Inevitability
There is a popular strategy in looking back at past events to wonder ‘if only …’. It’s tricky. Any speculation about what could have been done is academic, but past events do shape the future. Were the resulting outcomes inevitable? Looking at alternatives may be worthwhile, as we might confront similar situations today, and thereby benefit from what we have learnt.
One example that has been on my mind is the decision to split British India in 1947, thereby creating the current nations of India and Pakistan (and a little later Bangladesh as well). The process was described as the ‘Partition’ of India, and inthe process of allocating people to the provinces between the two new countries many people were displaced, and two provinces, Bengal and Punjab, were actually split. As a result of the partition somewhere between 12 and 20 million people had to move, doing so based on religious lines. The result was a refugee crisis, the inevitable consequence of the mass migration and population transfers that took place between the newly constituted countries. Equally inevitably, there was trouble. The process led to large-scale violence, and estimates of loss of life range from at least several hundred thousand up to possibly as many as two million people killed.
The events in 1947 had been preceded by a long history of tensions between Muslims and Hindus. However, the outbreak of World War II in 1939 enhanced existing tensions when Lord Linlithgow, Viceroy of India, declared war on India’s behalf, and doing so without consulting Indian leaders.
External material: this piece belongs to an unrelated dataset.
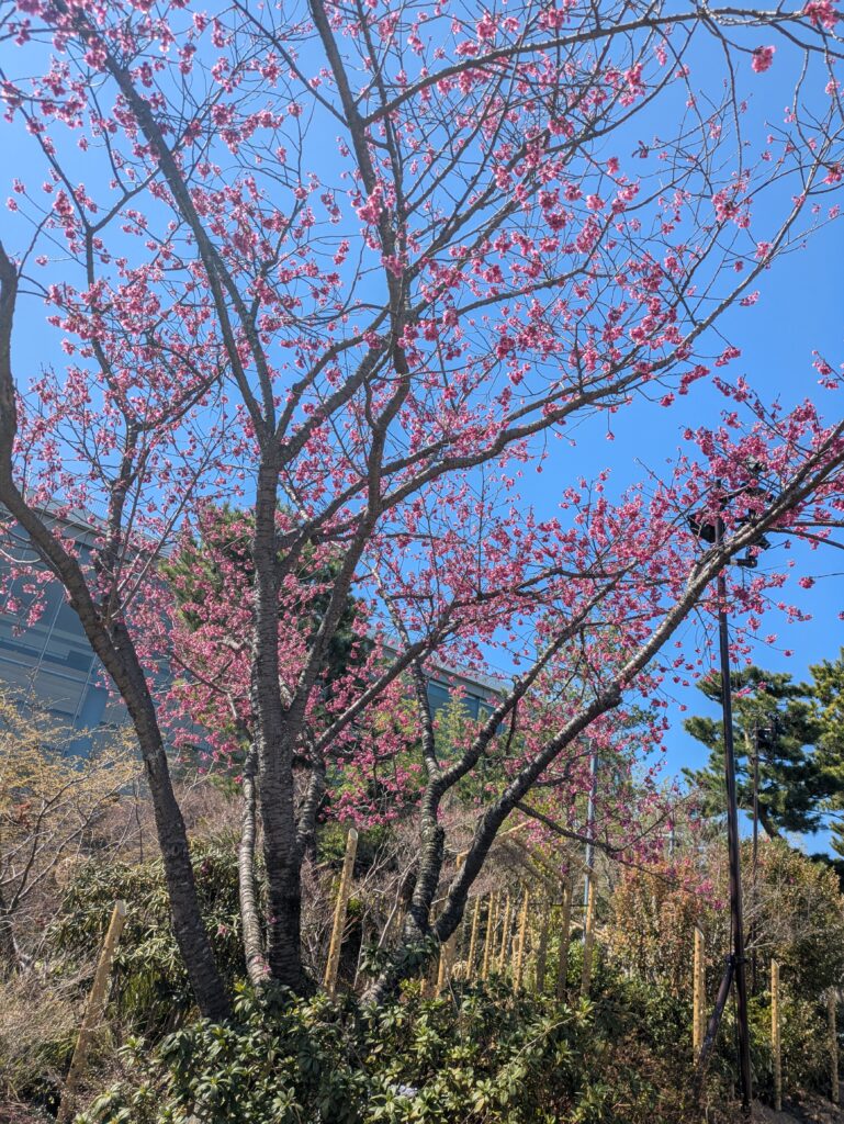 その後はサクラマチの外周まで足を伸ばし、花畑広場から見えていた桜の木へ。梅の木も咲いており、近づいてみると、ちょうど三分~五分咲きほどで、春の訪れを感じさせるピンクの色合いがとてもきれいでした。

This dramatically increased some of the underlying tensions in the country. On one side Congress provincial ministries to resigned in protest. On the other, the Muslim League held “Deliverance Day” (deliverance from Congress dominance) and supported Britain in the war effort. The League’s action was followed in March 1940, at its annual three-day session in Lahore, when the leader of the All-India Muslim League observed that Muslims and Hindus were ‘irreconcilably opposed monolithic religious communities’ and as such, no settlement could be imposed without outraging one side or the other.
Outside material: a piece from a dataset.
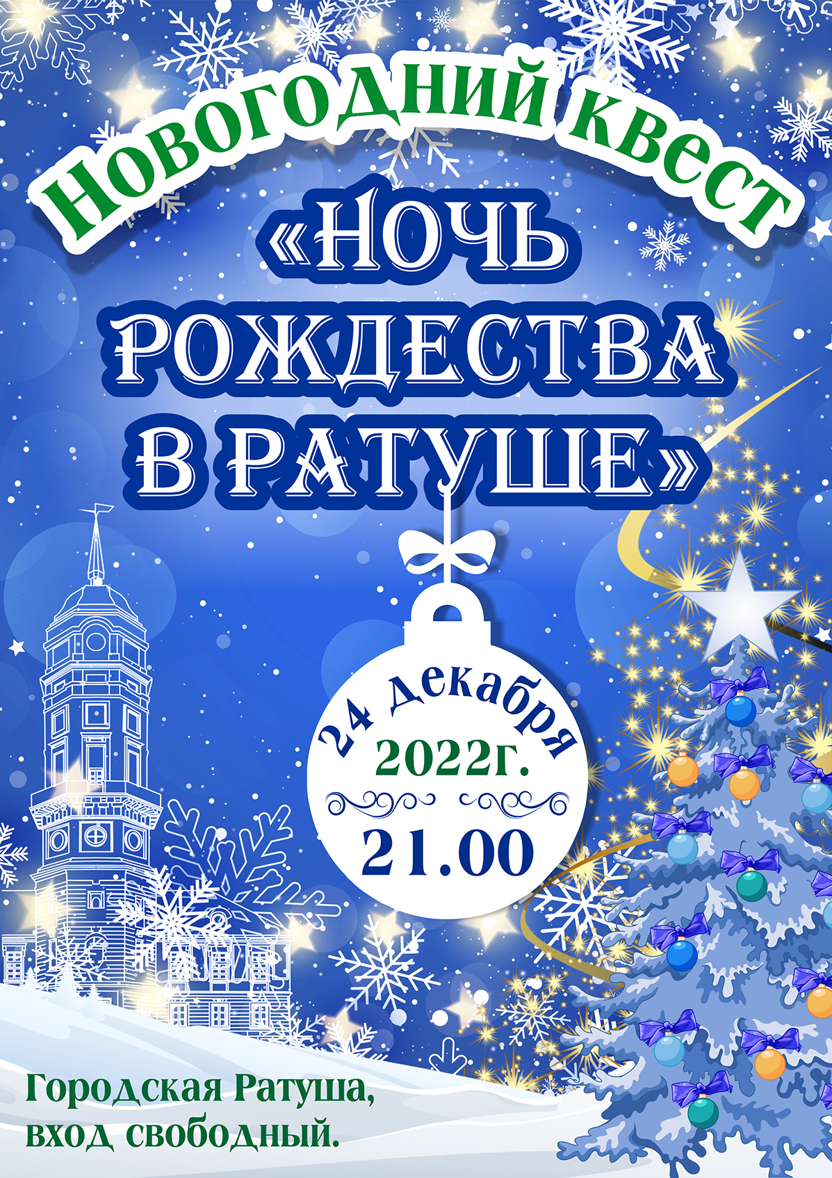Новогодний квест пройдет 24 декабря по адресу: ул. Ленинская, 1а (городская Ратуша). Начало в 21.00. Вход свободный.

Perhaps seeking to defuse the situation, in August 1940, Linlithgow proposed that India be granted self-governing (dominion) status after the war. To allay Muslim fears of Hindu domination, the ‘August Offer’ was accompanied by the promise that a future constitution would consider the views of minorities. Unsurprisingly neither Congress nor the Muslim League were satisfied with the offer, and both rejected it. However, in March 1942, after the fall of Singapore and with the Americans supporting independence for India, Prime Minister Winson Churchill offered dominion status to India at the end of the war in return for the Congress’s support for the war effort. Not wishing to lose the support of the Muslim League the offer included a clause stating that no part of the British Indian Empire would be forced to join the post-war dominion. Both the League and the Congress party rejected this offer too.
In August 1942, Congress launched the Quit India Resolution, asking for major constitutional changes. The British saw this act as the most serious threat to their rule since in nearly 100 years. Alarmed, they immediately jailed the Congress leaders where they to remain until August 1945. This left the Muslim League free for the next three years to spread its message. Their leader admitted, “The war which nobody welcomed proved to be a blessing in disguise.” The British accepted the League was the key representative of Muslim India
After the Second World War, change was in the air. Labour won the 1945 General Election, and decided to end British rule in India. In early 1947 Britain announced its intention of transferring power no later than June 1948, and issued their Cabinet Mission Plan. This proposed preserving a united India which the British and Congress desired, while concurrently securing the League’s demand for a Pakistan. The scheme was a federal arrangement consisting of three groups of provinces. Two of these would consist of small predominantly Muslim provinces, while the third would be made up of the large remaining Hindu region. The provinces would be autonomous, but the centre would retain control over defence, foreign affairs, and communications. Though the proposals did not include a truly independent Pakistan, the Muslim League accepted the proposals, but Congress leaders believed it would leave the centre weak, and rejected the suggested provincial groupings .
After the Cabinet Mission broke down, in July 1946 the Muslim League stated it was “preparing to launch a struggle” and that they had a plan. If the Muslims were not granted a separate Pakistan then they would launch ‘direct action’. When asked to be specific, their leader Jinnah explained: “Go to the Congress and ask them their plans. When they take you into their confidence I will take you into mine. Why do you expect me alone to sit with folded hands? I also am going to make trouble.”. He announced that 16 August 1946 was to be Direct Action Day, and warned Congress, “We do not want war. If you want war we accept your offer unhesitatingly. We will either have a divided India or a destroyed India.”.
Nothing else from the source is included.